◆ **ABOUT THIS EXERCISE**:
Copy the data below exactly, but not the pictures it contains.

◆ **RECORDS SHOWN**:
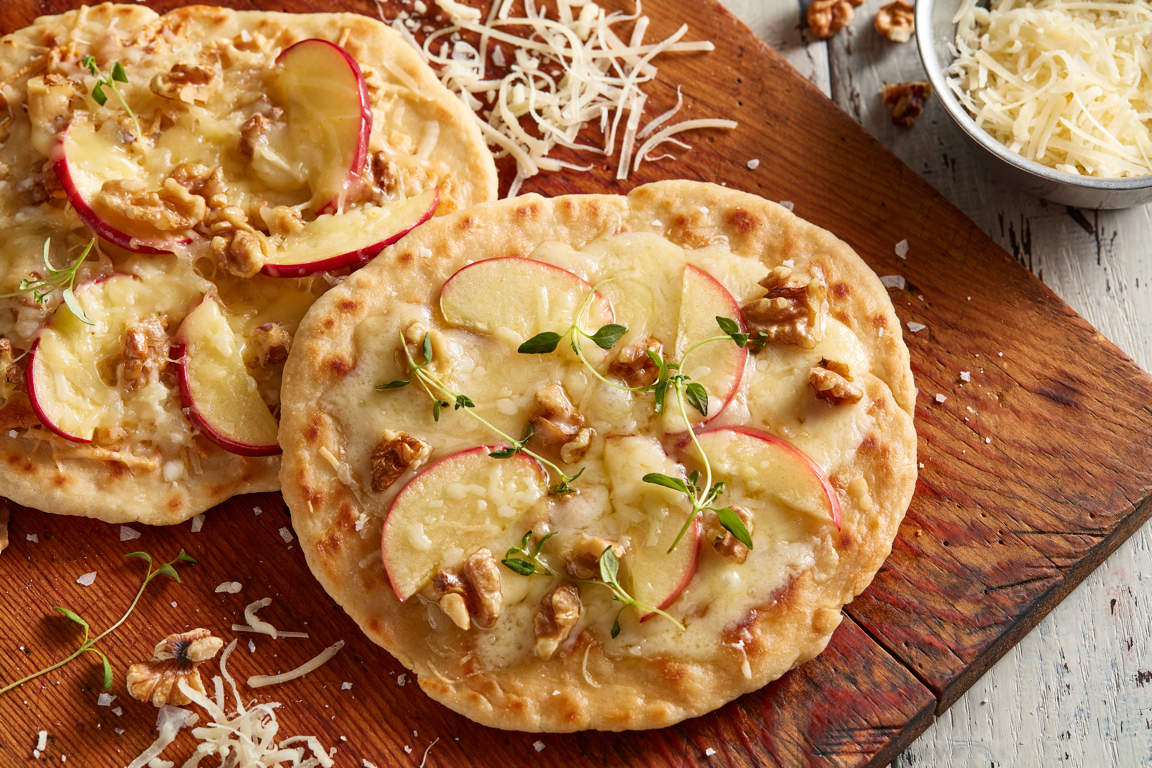 Hallowell may not be in active pursuit of replicating this particular flavor remembrance, but it represents a host of ingrained experiences that drive so many chefs to the culinary arts, where they seek to reconstruct someone else’s cherished memory. Flavor drives the story, and Hallowell has created three flavor-forward dishes for Kitchen Collaborative that are sure to be a part of a future guest’s reminiscences: Latin-Roasted Pork Flatbreads with Rum-Soaked Pineapple and Black Garlic Butter; Vegan Cauliflower and Cucumber Aguachile; and Fontina, Apple and Walnut Piadina with Thyme.
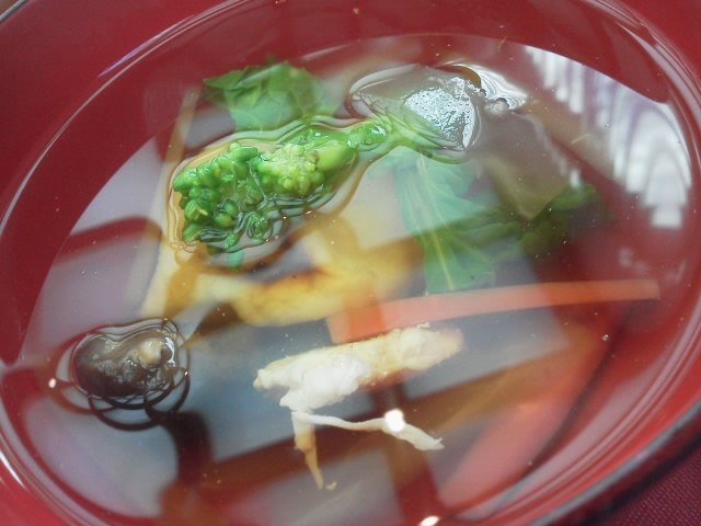 お雑煮には鶏肉、椎茸、大根と菜の花、人参が入っている上品なお味でございました。
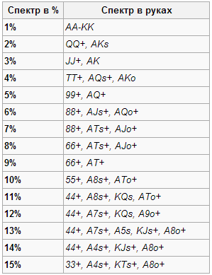 Что касается диапазона рук противников, то лучше всего использовать таблицу, где указывается спектр непосредственно в картах и отображается в процентах. Логика таких таблиц проста – чем меньше процент диапазона, тем сильнее рука у соперника. Например, спектр в 2% будет намного сильнее, чем диапазон в 10%. Представляем вашему вниманию такую таблицу:
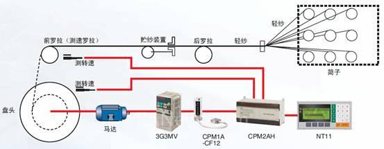 考慮到客戶的成本,我們提供了微型PLC CPM2AH+變頻器3G3MV+文本顯示器NT11的高性價(jià)比控制方案。PLC與變頻器通過(guò)RS485方式實(shí)現(xiàn)Modbus串行通訊;CPM2AH通過(guò)編程實(shí)現(xiàn)帶小數(shù)點(diǎn)的數(shù)據(jù)運(yùn)算,通過(guò)高速計(jì)數(shù)口進(jìn)行脈沖計(jì)數(shù),使控制精度有明顯的提高,織軸卷繞張力從定性控制發(fā)展到定量控制,從而自動(dòng)控制內(nèi)外圈張力,實(shí)現(xiàn)理想的內(nèi)緊外松。操用簡(jiǎn)單方便的文本顯示器NT11用以完成參數(shù)設(shè)置、狀態(tài)顯示和密碼保護(hù)功能。
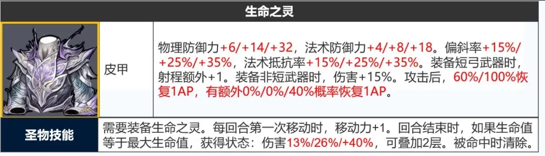 「神器效果」中规中矩,由于获得增益的条件就是需要满血触发,要么就是远程单位使用(但是生命之源更好),要么就是碾压日常的大剑士用了。
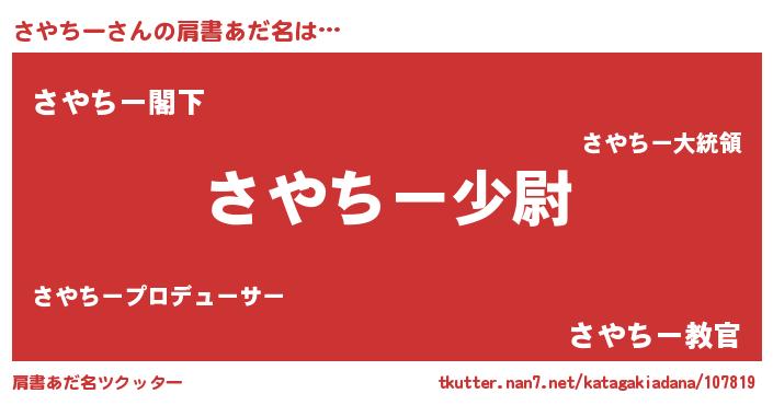 | ヒーロー風カッコイイあだ名 | 『超時空戦士サヤチー』『仮面サヤダー』 |
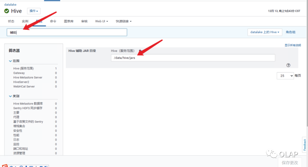 新建hive辅助路径 /data/hive/jars (根据你的需求命名)并且在CHD界面配置
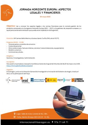 El próximo 30 de mayo de 2023, martes, de 10:30 a 12:30h., tendrá lugar una jornada presencial en el Centro de Investigación Biomédica de Aragón organizada por el IIS Aragón en colaboración con la Dirección General de Investigación e Innovación del Gobierno de Aragón, Araid y el IACS con el título de «Horizonte Europa: Aspectos legales y financieros».
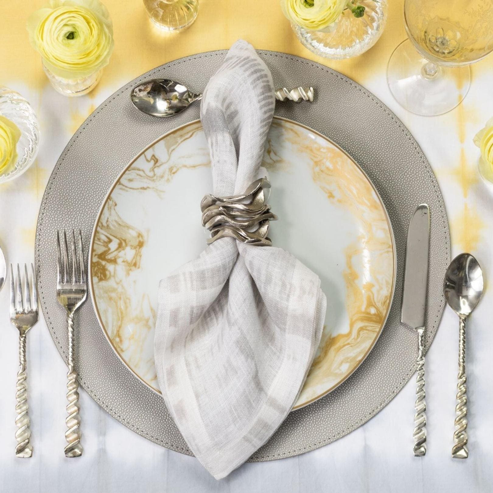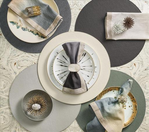 Kim Seyberts Shagreen Placemat in elephant creates a beautiful tabletop, perfect for everyday dining or for an elegant dinner party.
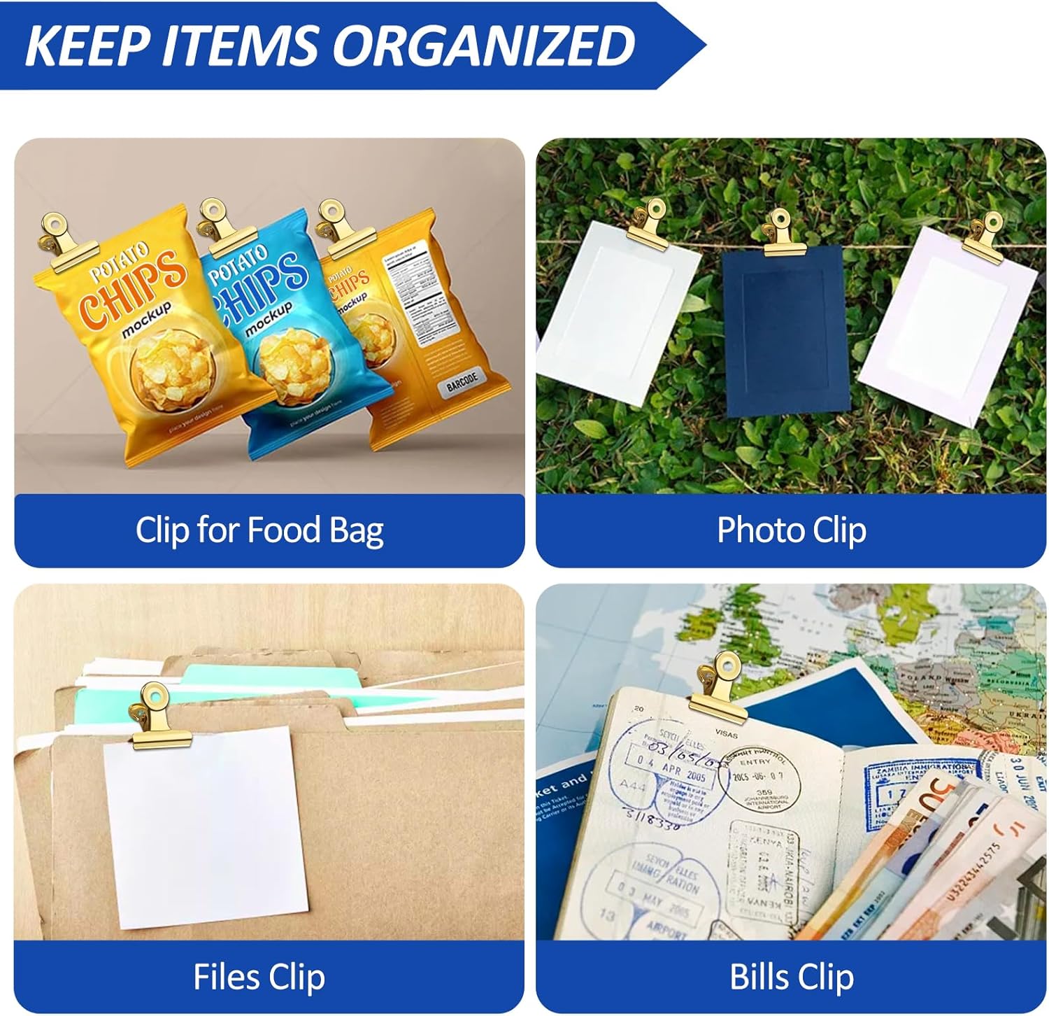 - Strong Grip & Tightness: Bulldog binder paper clips built-in high-elasticity spring to ensure a solid grip. Prevents your important documents from falling out. Protects your food from moisture and spoilage
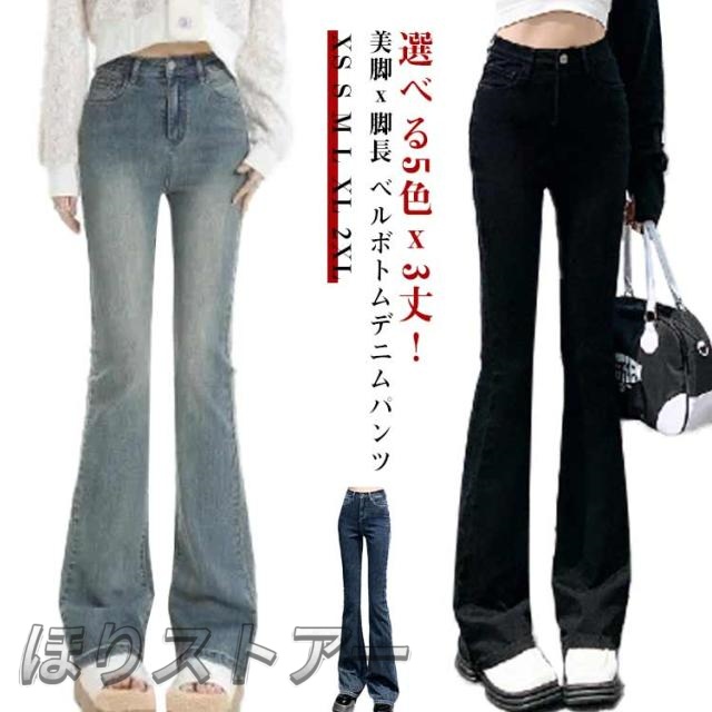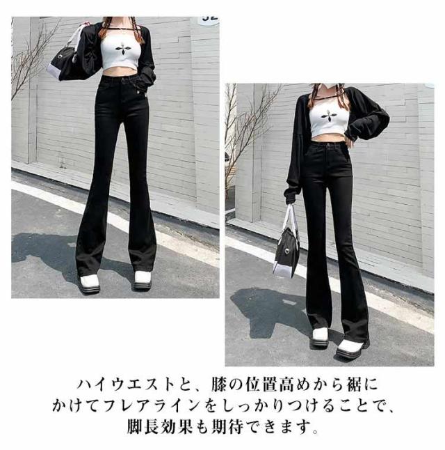 ベルボトム デニムパンツ レディース ブーツカット ジーンズ 9分丈 10分丈 12分丈 ストレッチ ハイウエスト フレアパンツ 無地 ボトムス ジーパン 美脚 脚長 きれいめ おしゃれ カジュアル 春夏 秋冬韓国ファッション ボトムス 送料無料
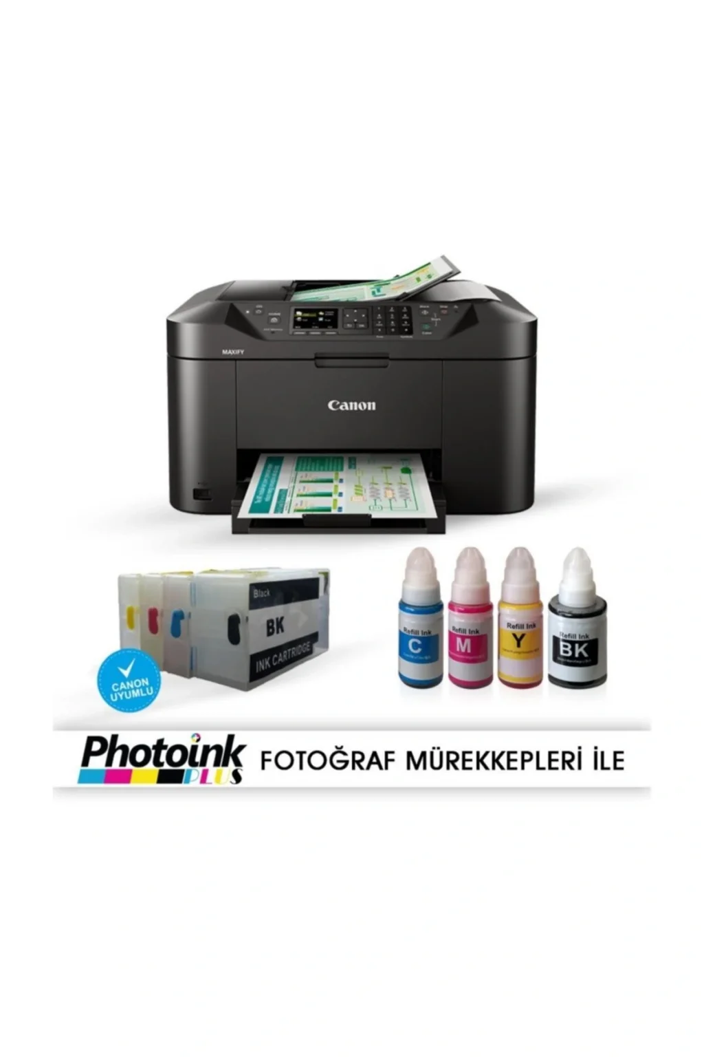 Canon Maxify MB2150 Yazıcı ve Kolay dolan Kartuş Sistemi (Renkli Yazıcı, Tarayıcı, Fotokopi, dublex ve wifi) Sayfa başına son derece düşük bir maliyet ile mükemmel renkli ve mono baskı kalitesine ihtiyaç duyan hane büroları için tasarlanmış çok istikametli yazıcı, faks, tarayıcı ve fotokopi; 250 sayfalık geniş bir besleyici ve 50 sayfalık otomatik belge besleyici ile Canon MAXIFY MB2150 Serisi, işaretleyici ve sürtünmeye dayanıklı DRHD mürekkeplerini kullanarak canlı renkler ve net metinler ile olağandışı baskılar üretir; Canon Maxıfy MB2150 Serisi, hızlı bir 19 ipm mono ve 13 ipm renkli A4 boyutunda baskı yaparken ilk sayfa çıkış müddeti (FPOT) yalnızca 6 saniyedir; Google Cloud Print, Apple AirPrint (iOS), Mopria ve Canon PRINT uygulaması, buluttan yazdırırken ve Google Drive, Dropbox, Evernote, OneNote, OneDrive ve Concur dahil olmak üzere belgeleri popüler bulut servislerine tarama ve kaydetme gibi desteklenmektedir; Erişim Noktası modu, akıllı cihaz kullanıcılarının Wi; Fi ağı olmadan da yazıcıya bağlanabileceği anlamına gelir; IP adresi filtreleme, yalnızca belirli sayıda kullanıcıya erişim hakkı sağlarken, SMTP desteği bir ofis ağında güvenli e; postaya izin verir; Sistem yöneticileri yazıcıyı hızlı ve kolay bir şekilde yapılandırabilir ve USB'ye tarama gibi belirli işlemleri kısıtlayabilir; Sistem yöneticileri, yazıcıyı mevcut ofis ağlarına entegre etmeyi kolaylaştıran bir cihaz yönetim standardı olan Canon Maxify MB2150 Serisinin Basit Ağ Yönetimi Protokolü (SNMP) uyumluluğunu takdir edeceklerdir; SNMP, mürekkep seviyeleri, hata durumu ve sayfa sayısı gibi bir dizi bakım izleme işlevi sağlar; PAKET İÇERİĞİ:; Canon MB2150 Tek Fonksiyonlu Yazıcı; 4 Renkli 1500XL Kolay Dolan Kartuşlar; 4 Renk PHOTO INK Mürekkepleri (2 adet; 135 ml siyah ve 70'şer ml 3 renk); USB Kablo ve Yazıcının CD vs; tüm aparatları ÖNEMLİ NOT : Bu yazıcı yanında kartuşlar gönderilmemektedir; Lütfen buna dikkat edin Önemli not: Yazıcı 2 yıl yada "emici dolu" hatası verene kadar garantilidir; Ayrıca Yazıcı içindeki orjnal kafaların da garantisi yoktur MAXIFY MB2150 Mobil cihazlar ve bulut hizmetleri için baskı ve tarama desteği sunan, 19 ipm siyah beyaz baskı hızına ve çeşitli ağ özelliklerine sahip olağanüstü çok işlevli mürekkep püskürtmeli renkli yazıcı, tarayıcı, fotokopi makinesi ve faks; Faydalar Hızlı baskı: 19 ipm siyah beyaz, 13 ipm renkli Doğrudan mobil cihazlardan baskı almak için Wi; Fi ağına bağlanma Bulut hizmetlerinden baskı alın ve buluta tarama yapın 1200 sayfa siyah beyaz ve 900 sayfa renkli baskı düzeyinde mürekkep verimlilikleri Üretkenliği koruyun: 250 yapraklık kapasite ve 50 yapraklık ADF GENEL BAKIŞ Özet Ev; ofisler için kompakt Hepsi Bir Arada Fonksiyonlar Baskı, Fotokopi, Tarama, Faks, Wi; Fi Cloud Link YAZICI ÖZELLİKLERİ Yazdırma Hızı (yaklaşık) 19,0 ipm siyah beyaz A4¹ 13,0 ipm renkli A4¹ İlk Sayfa Çıkış Süresi (yaklaşık) Siyah Beyaz: 6 sn; (hazır) / 10 sn; (uyku) Renkli: 7 sn; (hazır) / 14 sn; (uyku) Baskı Teknolojisi Mürekkep püskürtmeli, FINE baskı kafası Maksimum Baskı Çözünürlüğü 600 x 1200 dpi Baskı Kenar Boşlukları (min; ) Üst: 3 mm, Alt: 5 mm, Sol ve Sağ: 3,4 mm 2 Taraflı Baskı Otomatik (A4, LTR düz kağıt) TARAYICI ÖZELLİKLERİ;
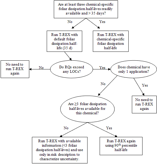 If no RQs exceed the LOCs and there are no data to suggest that the foliar dissipation half-life may be above 35 days, the risk assessor does not need to re-run T-REX. Figure A.1 provides a decision framework for when to collect chemical-specific foliar dissipation half-lives.

◆ **ANSWER TO THE PROBLEM**:
 Hallowell may not be in active pursuit of replicating this particular flavor remembrance, but it represents a host of ingrained experiences that drive so many chefs to the culinary arts, where they seek to reconstruct someone else’s cherished memory. Flavor drives the story, and Hallowell has created three flavor-forward dishes for Kitchen Collaborative that are sure to be a part of a future guest’s reminiscences: Latin-Roasted Pork Flatbreads with Rum-Soaked Pineapple and Black Garlic Butter; Vegan Cauliflower and Cucumber Aguachile; and Fontina, Apple and Walnut Piadina with Thyme.
 お雑煮には鶏肉、椎茸、大根と菜の花、人参が入っている上品なお味でございました。
 Что касается диапазона рук противников, то лучше всего использовать таблицу, где указывается спектр непосредственно в картах и отображается в процентах. Логика таких таблиц проста – чем меньше процент диапазона, тем сильнее рука у соперника. Например, спектр в 2% будет намного сильнее, чем диапазон в 10%. Представляем вашему вниманию такую таблицу:
 考慮到客戶的成本,我們提供了微型PLC CPM2AH+變頻器3G3MV+文本顯示器NT11的高性價(jià)比控制方案。PLC與變頻器通過(guò)RS485方式實(shí)現(xiàn)Modbus串行通訊;CPM2AH通過(guò)編程實(shí)現(xiàn)帶小數(shù)點(diǎn)的數(shù)據(jù)運(yùn)算,通過(guò)高速計(jì)數(shù)口進(jìn)行脈沖計(jì)數(shù),使控制精度有明顯的提高,織軸卷繞張力從定性控制發(fā)展到定量控制,從而自動(dòng)控制內(nèi)外圈張力,實(shí)現(xiàn)理想的內(nèi)緊外松。操用簡(jiǎn)單方便的文本顯示器NT11用以完成參數(shù)設(shè)置、狀態(tài)顯示和密碼保護(hù)功能。
 「神器效果」中规中矩,由于获得增益的条件就是需要满血触发,要么就是远程单位使用(但是生命之源更好),要么就是碾压日常的大剑士用了。
 | ヒーロー風カッコイイあだ名 | 『超時空戦士サヤチー』『仮面サヤダー』 |
 新建hive辅助路径 /data/hive/jars (根据你的需求命名)并且在CHD界面配置
 El próximo 30 de mayo de 2023, martes, de 10:30 a 12:30h., tendrá lugar una jornada presencial en el Centro de Investigación Biomédica de Aragón organizada por el IIS Aragón en colaboración con la Dirección General de Investigación e Innovación del Gobierno de Aragón, Araid y el IACS con el título de «Horizonte Europa: Aspectos legales y financieros».
 Kim Seyberts Shagreen Placemat in elephant creates a beautiful tabletop, perfect for everyday dining or for an elegant dinner party.
 - Strong Grip & Tightness: Bulldog binder paper clips built-in high-elasticity spring to ensure a solid grip. Prevents your important documents from falling out. Protects your food from moisture and spoilage
 ベルボトム デニムパンツ レディース ブーツカット ジーンズ 9分丈 10分丈 12分丈 ストレッチ ハイウエスト フレアパンツ 無地 ボトムス ジーパン 美脚 脚長 きれいめ おしゃれ カジュアル 春夏 秋冬韓国ファッション ボトムス 送料無料
 Canon Maxify MB2150 Yazıcı ve Kolay dolan Kartuş Sistemi (Renkli Yazıcı, Tarayıcı, Fotokopi, dublex ve wifi) Sayfa başına son derece düşük bir maliyet ile mükemmel renkli ve mono baskı kalitesine ihtiyaç duyan hane büroları için tasarlanmış çok istikametli yazıcı, faks, tarayıcı ve fotokopi; 250 sayfalık geniş bir besleyici ve 50 sayfalık otomatik belge besleyici ile Canon MAXIFY MB2150 Serisi, işaretleyici ve sürtünmeye dayanıklı DRHD mürekkeplerini kullanarak canlı renkler ve net metinler ile olağandışı baskılar üretir; Canon Maxıfy MB2150 Serisi, hızlı bir 19 ipm mono ve 13 ipm renkli A4 boyutunda baskı yaparken ilk sayfa çıkış müddeti (FPOT) yalnızca 6 saniyedir; Google Cloud Print, Apple AirPrint (iOS), Mopria ve Canon PRINT uygulaması, buluttan yazdırırken ve Google Drive, Dropbox, Evernote, OneNote, OneDrive ve Concur dahil olmak üzere belgeleri popüler bulut servislerine tarama ve kaydetme gibi desteklenmektedir; Erişim Noktası modu, akıllı cihaz kullanıcılarının Wi; Fi ağı olmadan da yazıcıya bağlanabileceği anlamına gelir; IP adresi filtreleme, yalnızca belirli sayıda kullanıcıya erişim hakkı sağlarken, SMTP desteği bir ofis ağında güvenli e; postaya izin verir; Sistem yöneticileri yazıcıyı hızlı ve kolay bir şekilde yapılandırabilir ve USB'ye tarama gibi belirli işlemleri kısıtlayabilir; Sistem yöneticileri, yazıcıyı mevcut ofis ağlarına entegre etmeyi kolaylaştıran bir cihaz yönetim standardı olan Canon Maxify MB2150 Serisinin Basit Ağ Yönetimi Protokolü (SNMP) uyumluluğunu takdir edeceklerdir; SNMP, mürekkep seviyeleri, hata durumu ve sayfa sayısı gibi bir dizi bakım izleme işlevi sağlar; PAKET İÇERİĞİ:; Canon MB2150 Tek Fonksiyonlu Yazıcı; 4 Renkli 1500XL Kolay Dolan Kartuşlar; 4 Renk PHOTO INK Mürekkepleri (2 adet; 135 ml siyah ve 70'şer ml 3 renk); USB Kablo ve Yazıcının CD vs; tüm aparatları ÖNEMLİ NOT : Bu yazıcı yanında kartuşlar gönderilmemektedir; Lütfen buna dikkat edin Önemli not: Yazıcı 2 yıl yada "emici dolu" hatası verene kadar garantilidir; Ayrıca Yazıcı içindeki orjnal kafaların da garantisi yoktur MAXIFY MB2150 Mobil cihazlar ve bulut hizmetleri için baskı ve tarama desteği sunan, 19 ipm siyah beyaz baskı hızına ve çeşitli ağ özelliklerine sahip olağanüstü çok işlevli mürekkep püskürtmeli renkli yazıcı, tarayıcı, fotokopi makinesi ve faks; Faydalar Hızlı baskı: 19 ipm siyah beyaz, 13 ipm renkli Doğrudan mobil cihazlardan baskı almak için Wi; Fi ağına bağlanma Bulut hizmetlerinden baskı alın ve buluta tarama yapın 1200 sayfa siyah beyaz ve 900 sayfa renkli baskı düzeyinde mürekkep verimlilikleri Üretkenliği koruyun: 250 yapraklık kapasite ve 50 yapraklık ADF GENEL BAKIŞ Özet Ev; ofisler için kompakt Hepsi Bir Arada Fonksiyonlar Baskı, Fotokopi, Tarama, Faks, Wi; Fi Cloud Link YAZICI ÖZELLİKLERİ Yazdırma Hızı (yaklaşık) 19,0 ipm siyah beyaz A4¹ 13,0 ipm renkli A4¹ İlk Sayfa Çıkış Süresi (yaklaşık) Siyah Beyaz: 6 sn; (hazır) / 10 sn; (uyku) Renkli: 7 sn; (hazır) / 14 sn; (uyku) Baskı Teknolojisi Mürekkep püskürtmeli, FINE baskı kafası Maksimum Baskı Çözünürlüğü 600 x 1200 dpi Baskı Kenar Boşlukları (min; ) Üst: 3 mm, Alt: 5 mm, Sol ve Sağ: 3,4 mm 2 Taraflı Baskı Otomatik (A4, LTR düz kağıt) TARAYICI ÖZELLİKLERİ;
 If no RQs exceed the LOCs and there are no data to suggest that the foliar dissipation half-life may be above 35 days, the risk assessor does not need to re-run T-REX. Figure A.1 provides a decision framework for when to collect chemical-specific foliar dissipation half-lives.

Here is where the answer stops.